NAPLES, Fla.-Doctors should consider extending the course of antibiotics in patients with chronic sinusitis before giving up on conservative medical therapy and going forward to surgery, according to research presented here at the meeting of the Southern Section of the Triological Society.
Explore this issue:May 2006
In a study of maximal medical therapy in his institution, Marc Dubin, MD, Assistant Professor of Rhinology and Sinus Surgery in the Department of Otolaryngology-Head and Neck Surgery at the Johns Hopkins University School of Medicine in Baltimore, Md., determined that adding three weeks to a standard antibiotic program produced added positive results in helping patients clear the stubborn infections.
‘Failure to Respond’ Timeline Uncertain
When a patient presents with chronic sinusitis, the doctor will usually place the individual on maximal medical therapy, he said. However, Dr. Dubin suggested that exactly how long that therapy should last before the patient moves on the next therapeutic step is controversial. Failure to respond, however, represents a major criterion for proposing surgery in these patients.

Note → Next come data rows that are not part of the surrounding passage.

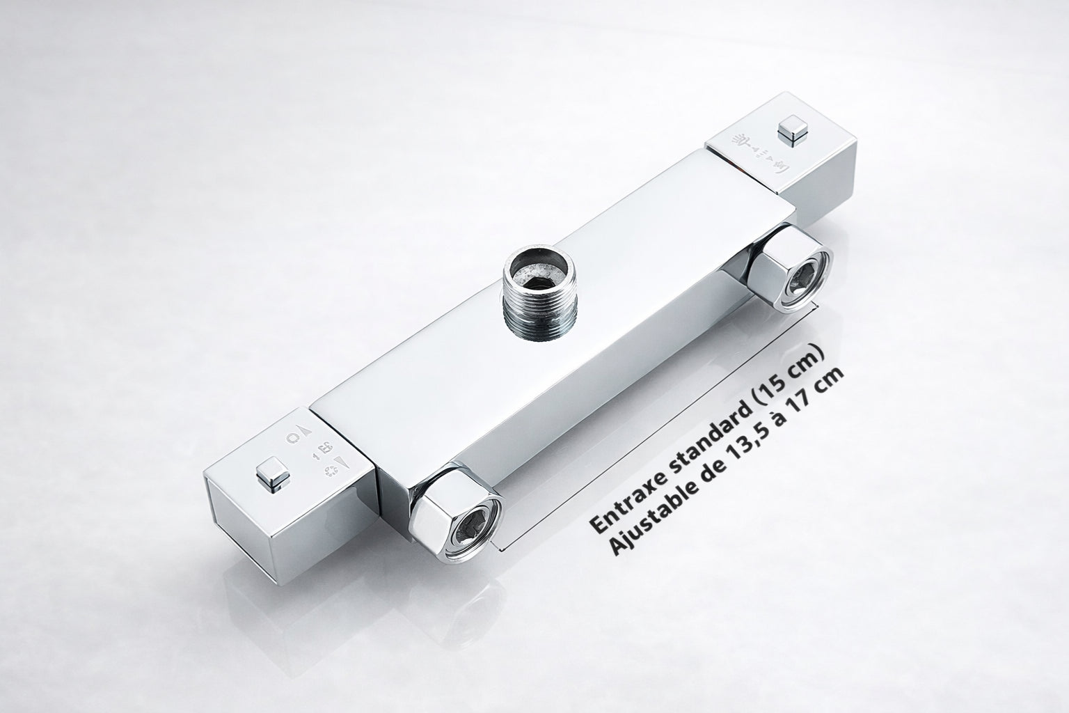 - La colonne thermostatique (Le confort moderne) : C'est la technologie intelligente. Vous choisissez votre température idéale (par exemple 38°C) et la colonne s'occupe de tout. Grâce à sa cartouche active, elle compense instantanément les variations de débit. L'eau reste toujours à la température choisie, au degré près, même si d'autres robinets sont ouverts.Le + Sécurité : Les modèles thermostatiques sont équipés d'une butée de sécurité à 38°C, idéale pour éviter tout risque de brûlure accidentelle, surtout pour les enfants.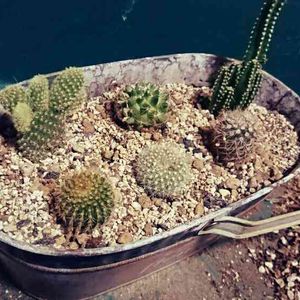 サボテン達を1個に 寄せ植えしました✩*.゚ 頑丈な(しっかりした)軍手を 買い忘れ、良くありがちな軍手で作業……( ºωº ) チクチクする……(笑) 慎重に作業しました!(笑) 自分的に大満足な出来 (*´﹃`*)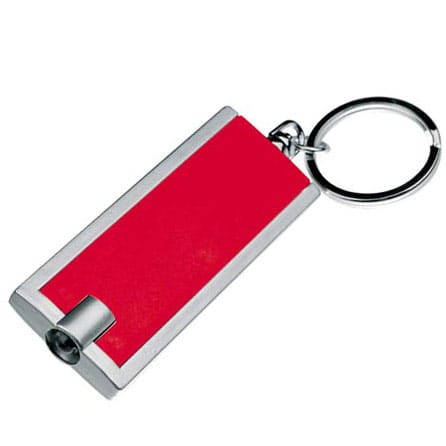 Płaski, prostokątny brelok do kluczy o nowoczesnym wyglądzie, z wbudowaną latarką LED o białym świetle. Produkt zawiera baterie.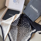 CC Square Scarf 90 CM In White Mix Black Logo Print Silk Twill 288696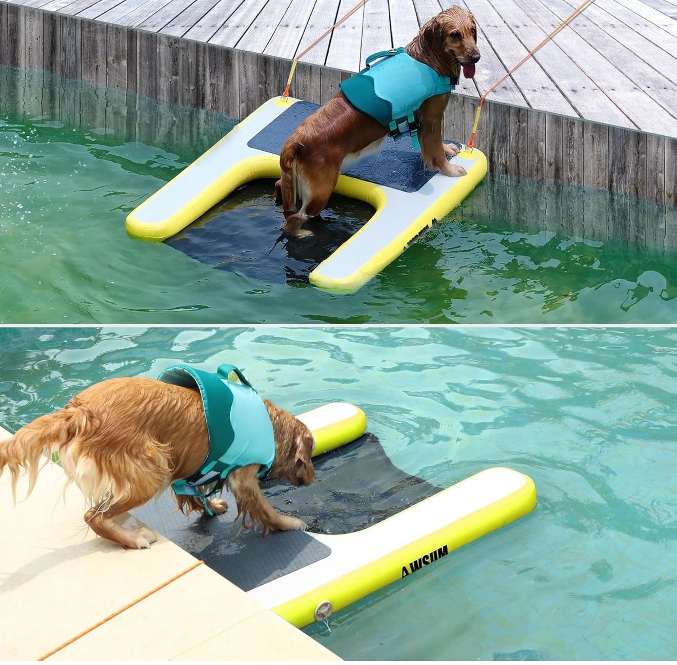 This was amazing and kept my dog from. Longing to me while we floated. I now have two water dogs and don’t fit on this large ramp. So I bit the bullet and bought an XL ramp. Now they are happy. I have the pump, the repair kit( never used it) and of course the ramp. It is yellow/white. They swim right up into the net then up onto the ramp. We live in the Irmo area.
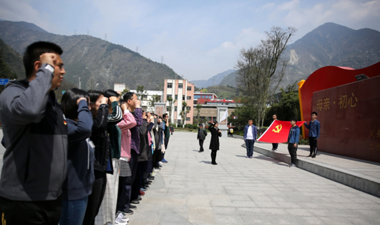 “我志愿加入中国共产党,拥护党的纲领,遵守党的章程……随时准备为党和人民牺牲一切,永不叛党。”在家国情怀宣誓广场,全体教师党员和学生党员在卢希芬副部长的带领下,举起右手,庄严宣誓,重温入党誓词。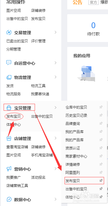 找到我们菜单栏左侧“宝贝管理”--发布宝贝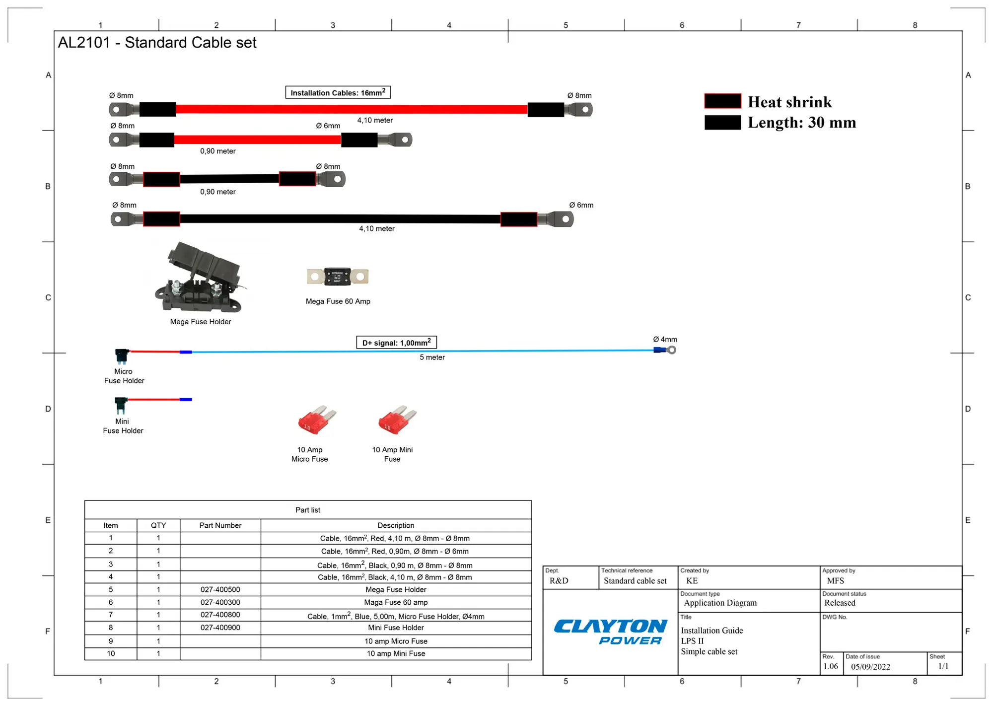 Clayton Power 5m Alternator Cable Set - LPS II Standard Charging Kit image 1 Clayton Power 5m Alternator Cable Set - LPS II Standard Charging Kit image 2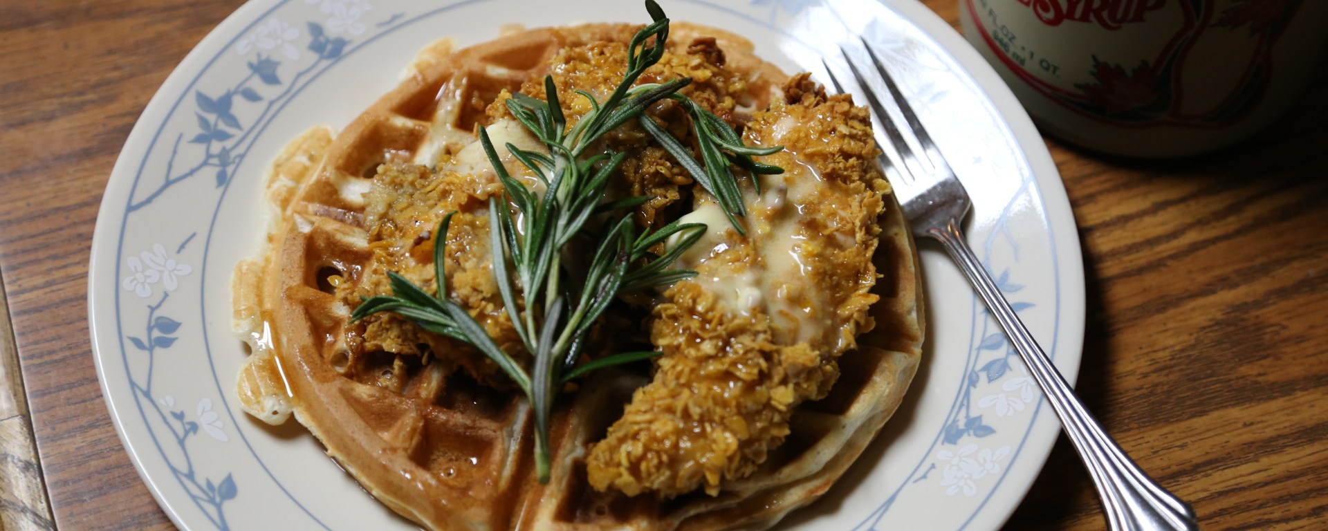 Speaking of the batter, we tried to make the chicken dredge very comparable to the waffle batter, cutting down on required ingredients. That also helped with the pairing.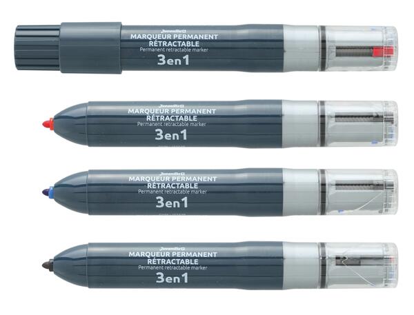 Marqueur permanent multicolore JUVENILIA 3 en 1 - rechargeable 3 coloris : rouge + bleu + noir 3 marqueurs dans un stylo ' changement rapide de couleurs Pointes fines coniques 1~2 mm rétractables Pour le papier, plastic, métal + autres surfaces Séchage rapide Résiste à l'eau et à la lumière Capuchon amovible 3 x moins de plastique : 3 marqueurs en 1 Ouvert 4h sans sécher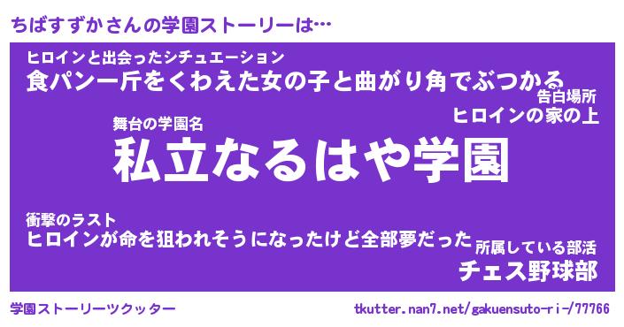 | 女子向けラノベタイトル風あだ名 | 『(仮)ちばすずかのやんごとなき事情』 |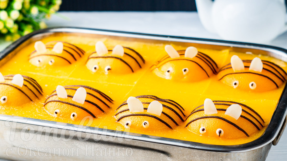 В основе торта — бело-шоколадный бисквит, пропитанный ароматным абрикосовым сиропом, с добавлением нежного заварного крема. Украшают десерт абрикосовые пчелки, выложенные на сладком абрикосовом желе, напоминающем мед. Хотя процесс приготовления может показаться трудоемким, на самом деле он достаточно прост и может быть выполнен в разъемной форме, что значительно упрощает извлечение готового изделия.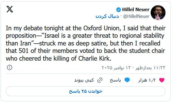 مدیر اجرایی سازمان دیدهبان سازمان ملل بعدا در شبکه اجتماعی ایکس نوشت: «در مناظره امشب در مجمع آکسفورد، گفتم که ادعای آنها مبنی بر اینکه اسرائیل تهدیدی بزرگتر برای ثبات منطقهای نسبت به ایران است، برای من طنز عمیقی به نظر میرسید، اما سپس یادم آمد که ۵۰۱ نفر از اعضای آنها به حمایت از رییس مجمع دانشجویی که برای کشته شدن چارلی کرک شادی کرد، رای دادند.»ماه گذشته، جورج آباراونه، رییس مجمع آکسفورد، پس از واکنشهای شدید نسبت به خرسندی ظاهری او از تیراندازی به کرک، از سمت خود کنار گذاشته شد.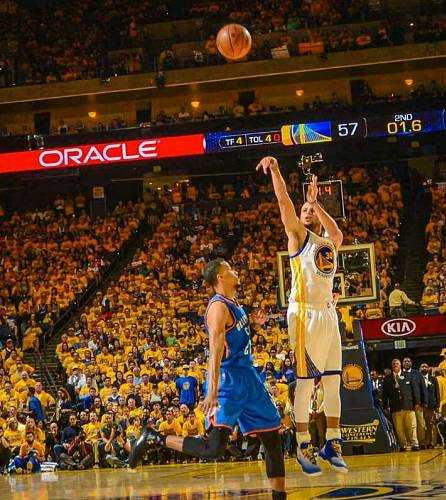 西部决赛的第一战结束了,雷霆队出人意料的战胜了勇士,这一场比赛从史蒂芬-库里在第二节比赛结束前42.4秒投中第一记三分球的时候开始,就已经是一场注定要被载入史册的战役。
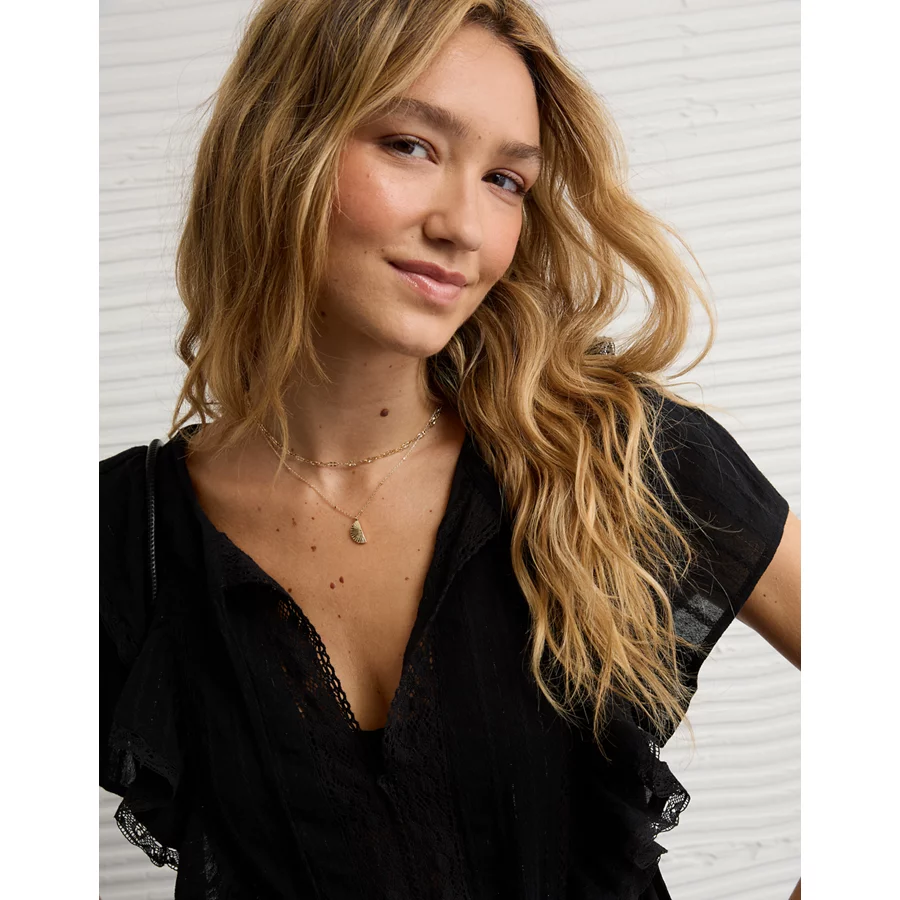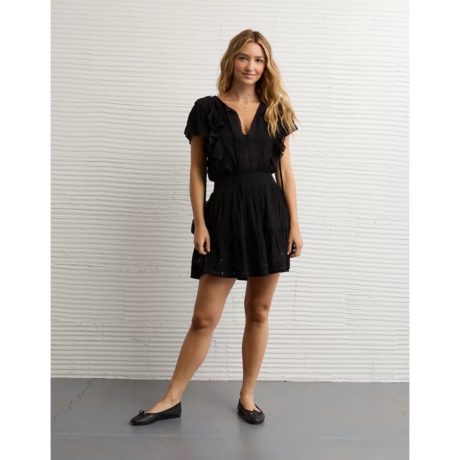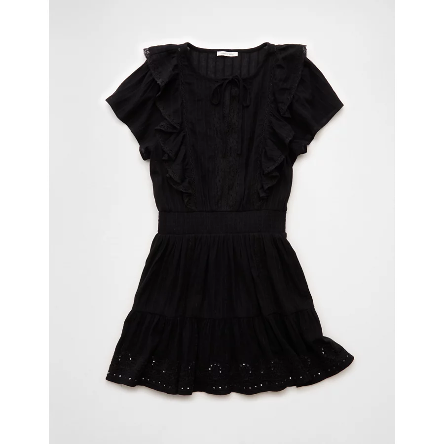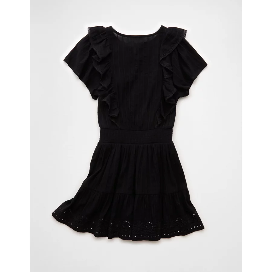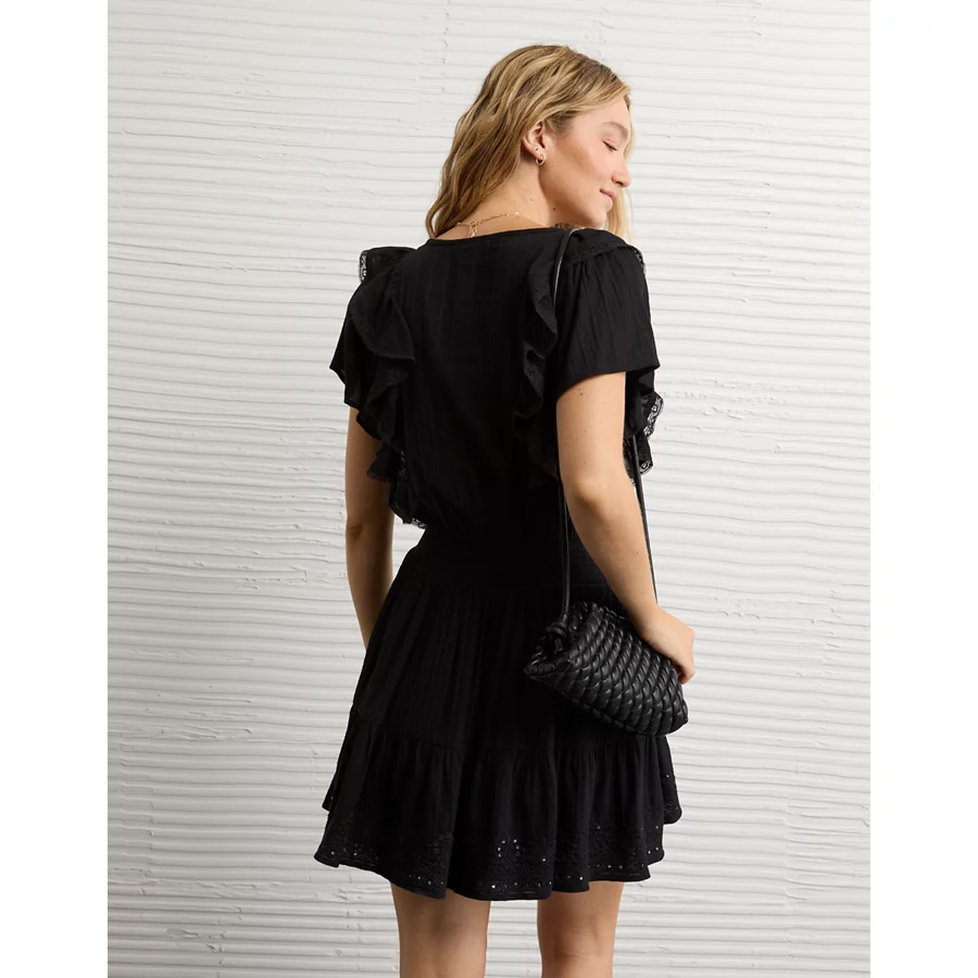 AE V-Neck Ruffle Mini Dress – Black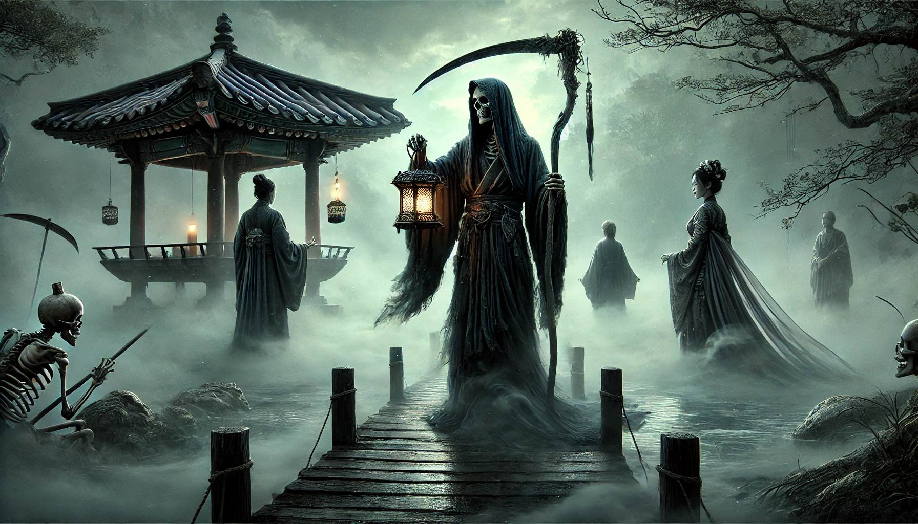 칠흑 같은 어둠 속, 희미한 달빛만이 비추는 밤. 검은 갓과 붉은 도포를 입은 한 저승사자가 높은 소나무 위에 앉아 있다. 그의 손에는 오래된 명단이 들려 있고, 그 옆에는 인간의 혼을 담는 붉은 병이 놓여 있다. 사자의 얼굴은 보이지 않지만, 그의 목소리는 깊고 서늘하다.

Dr. Dubin looked at patients undergoing maximal medical therapy to try to get clues as to how long treatment should continue before a doctor should determine that there is failure to respond.
He noted that he had little guidance as to where to begin his study. There are no controlled studies on the length of time a patient should remain on antibiotics, nor are there any studies on what the antibiotic choice should be in chronic sinusitis. In addition, there are no studies that indicate if a combination of antibiotics is required for maximal medical therapy, he said.
Controlled clinical trials will be required to answer a number of questions raised by this trial.
In his retrospective review of cases from the Georgia Nasal and Sinus Institute in Savannah, Dr. Dubin sought to objectively test whether three weeks of treatment with antibiotics was sufficient to clear chronic sinusitis or whether there was a benefit to continuing the antibiotic therapy for six weeks before determining if the patient had, indeed, failed to respond to maximal medical treatment.
There are no controlled studies on the length of time a patient should remain on antibiotics, nor are there any studies on what the antibiotic choice should be in chronic sinusitis. – -Marc Dubin, MD
The treatment progress would be tracked using computer-assisted tomography (CT) scans of the infected sinus cavity. The patients were scheduled to undergo a CT scan at baseline to confirm the disease state and then undergo follow-up scans after three weeks of treatment and after six weeks of treatment.